Part 5 is the best of 2666.The reclusive dreamer, Hans Reiter, becomes a war hero and finally finds his metier as Archimboldi.He is in the German advance into Russia, sees his comrades killed in the fight,is himself wounded seriously. While recuperating he comes across the diary of the Russian Ansky and learns how Ivanov first feted as a writer in the early of years of the Soviet Revolution, was killed in the purge of 1936 because his work was thought suspect by the powers that be. So, Reiter, presumably, understands that the Soviet power structure was as ruthless as Nazism.Interestingly, Reiter claims to have strangled Leo Sammer, a German civil servant, who confessed to having killed several Jews on orders from above. Perhaps because as a civil servant Sammer might have escaped the dragnet cast by the allies to catch perpetrators of atrocities Reiter metes out unilateral justice! Part 5 shows the horrors of war on the eastern front, the indiscipline of defeat and the total loss of moral values leading to the crucifixion of the commander of the defeated division.Bolano indulges in digressions with sentences Proustian in length though not equally involved. He gives a non-Homeric lineage to Ulysees saying he is the son of Sisyphus.

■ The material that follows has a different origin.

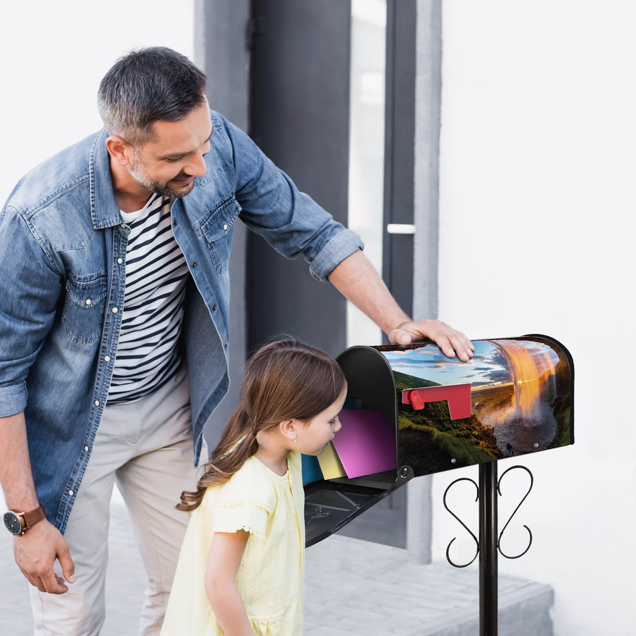Der amerikanische Briefkasten von banjado mit Wasserfall im Sonnenlicht Motiv bietet Ihnen ausreichend Fassungsvermögen, um große A4 Sendungen und Zeitschriften zu empfangen. Die typisch amerikanische rote Fahne zeigt Ihnen an, wenn Sie Post erhalten haben. Die US-Mailbox besteht aus verzinktem Stahlblech welches lackiert wurde und ist 48 x 22 x 16 CM (BxHxT) groß. Die Folie mit Motiv Wasserfall im Sonnenlicht besteht aus einer wetter- und UV-resistenten Folie, die mit einem Schutzlaminat überzogen ist, sodass die US Mailbox zusätzlich vor Kratzern geschützt ist. An der Unterkante sind 4 Löcher je Seite um die Mailbox, typisch amerikanisch, an einem Holzpfahl oder einem Zaun zu befestigen. Auf Wunsch können Sie bei uns den passenden Standfuß oder die passende Wandhalterung kaufen um die US-Mailbox sicher zu befestigen. Wir bieten Ihnen ebenfalls Namensschilder, bereits beschriftet oder frei zu beschriften, und verschiedene selbst gestaltete Bitte-Keine-Werbung-Aufkleber.

Such digressions detract from the flow of the work.
Klaus Hans, the suspect serial Killer of Mexico is revealed to be Archimboldi's nephew who is persuaded by his sister to go to Mexico to assist in Hans' defence. And thus the murders in Mexico become the coalescing point for 2666.B.T.Sampath

Book Review: HIGH IQ NEEDED
Summary: 1 Stars

I bought this book based on reviews, big mistake this time. I spent most of my time looking up defintions to 100's of words. I hated the spewing of authors I'd never heard of. The writing or words are geared towards intellectuals. I haven't even finished this book, I can't seem to get past the long winded boring little stories leading me somewhere in the slowest pace possible to nowhere. Maybe I'll get around to finishing it, but based on the 1 star reviews, I may not end up enjoying this book at all, even in some of the 4 star reviews they claim this book is more for academics or writers interested in the creative processes. BORING

Book Review: Hard Read, Not My Style
Summary: 2 Stars

I was very excited about the reviews both on Amazon and in other various places. I was excited to explore an author from a different country. I could not get past the first part of the book. It was interesting. Bolano does an amazing job of developing each character. I could not follow the plot very well. It is very possible that it is just not my style. It was a very slow read and difficult to understand. If you are new to Bolano and are looking for a new type of read, I would probably steer clear. I'm sure for Bolano fans this book is a masterpiece, but to the outsiders, it may be the opposite.